Subsystem is a tool that I wrote a while ago because I needed to run specific application in specific versions. However, I wanted it to be easily callable from my host system, so non of the existing container solutions were sufficient to that (at least I couldn't find one). One of my favorite use-cases is to use a subsystem to install pen-testing utilities from one of the well known distributions that ship such tools without polluting my host system. The problem is, that most of the applications depend on shared libraries in specific version, so just copying the executable wasn't really an option because this would also require to handle the dependencies manually.
LSL conveniently allows to run and maintain multiple root filesystems on a single linux machine. On the contrary to usual container approaches such as Docker or LXC, LSL does not isolate the different filesystems (It has never be intended to provide additional security to your system). Instead it only implements the abstraction that is necessary to have multiple root filesystems. In particular, subsystems uses mount namespaces to create containers for the additional root filesystem. These containers then have a different root filesystem than the host system.
To conveniently execute binaries of a subsystem, the host root filesystem is extended by links to a program that automatically changes into the appropriate mount namespace. The listing below shows how the program id
can be executed:
$ blackarch:id
Executing /usr/bin/id in blackarch
uid=1000(user) gid=1000(user) groups=1000(user),90(network),98(power),986(video),988(storage),991(lp),995(audio),998(wheel)
$ sudo blackarch:id
Executing /usr/bin/id in blackarch
uid=0(root) gid=0(root) groups=0(root)
To install packets from the packet repository, one can execute a bash within the container or call the packet manager directly:
$sudo blackarch:bash
Executing /usr/bin/bash in blackarch
[root@manjaro /]# pacman -Sy
or
$ sudo blackarch:pacman -Sy
Executing /usr/bin/pacman in blackarch
...
Subsystem can be built using the provided CMakeLists.txt. The build process generates two binaries
- lsl: Initializes the mount namespaces:
- To initialize the containers:
sudo lsl start
- To stop containers:
sudo lsl stop
- To recreate links (e.g. after installation of additional binaries):
sudo lsl relink
- To initialize the containers:
- lslExecutor: Executes applications inside the contained (usually does not have to be manually invoked)

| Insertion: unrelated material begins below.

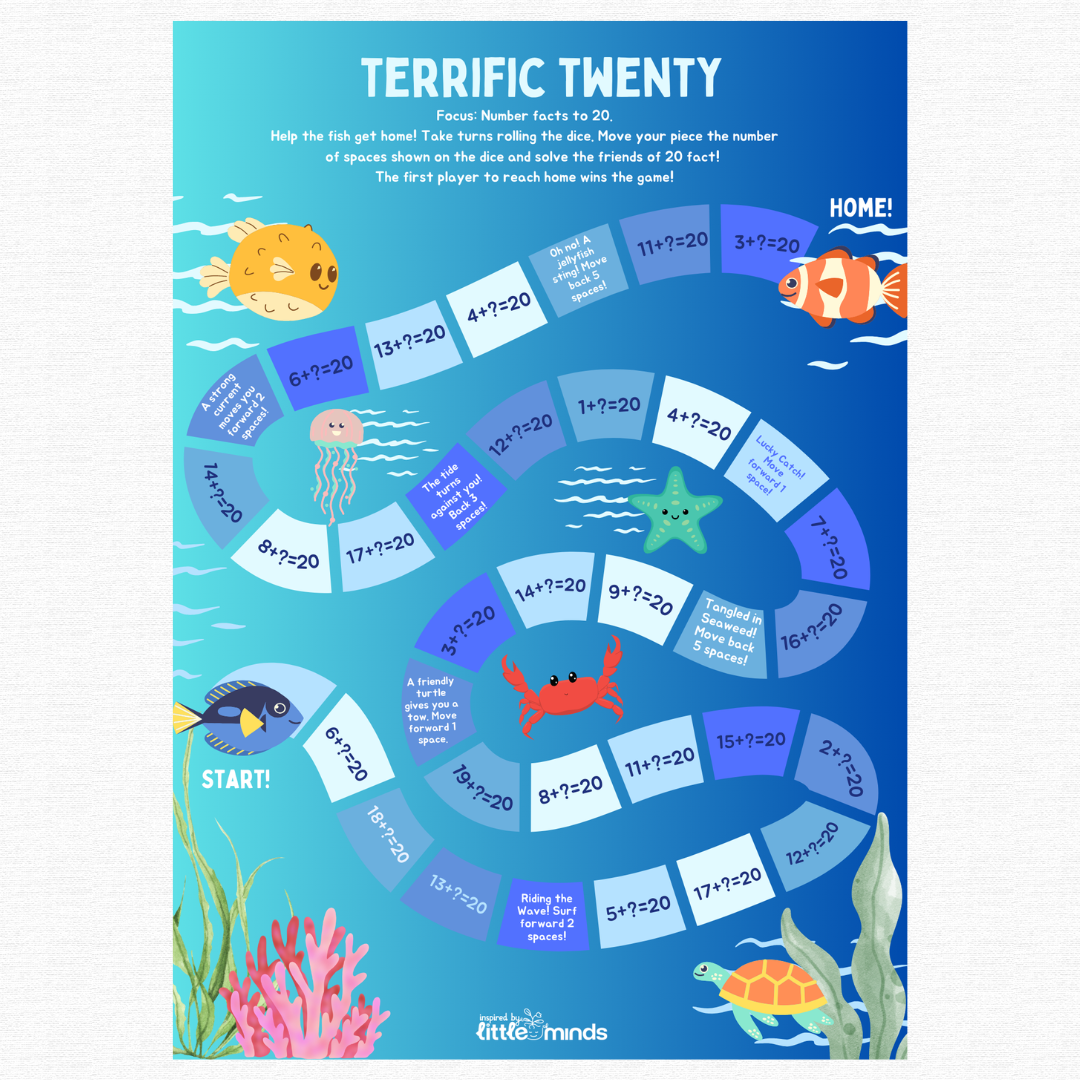 Using board games to practice doubles and addition facts to 10 and 20 makes learning fun and interactive! Perfect to play with a partner, all you need is a dice and your chosen game piece.

The lslExecutor application is designed to be a root owned setuid binary. This is a bit dangerous, but required because to enter the mount namespaces of the subsystem the CAP_SYS_ADMIN and CAP_SYS_CHROOT capabilities are required. Literally the first thing the lslExecutor does is dropping any other capabilities from the effective and permitted set (although CAP_SYS_ADMIN will probably be quite easy to escape...). lslExecutor will then drop back to the real user id (which is an unprivileged user if the user executing lslExecutor wasn't already root before) after the mount namespace of the subsystem has been entered. This will drop the remaining capabilities in case the real user id is not root. Alternatively you can add the required capabilties using file capabilties.
The lsl application on the other hand requires CAP_SYS_ADMIN to setup the mount namespace, all other capabilites will be dropped. In addition, a seccomp filter is applied by the application by default. This can be disabled by passing the --disable-seccomp option (which should however only be used in case of problems).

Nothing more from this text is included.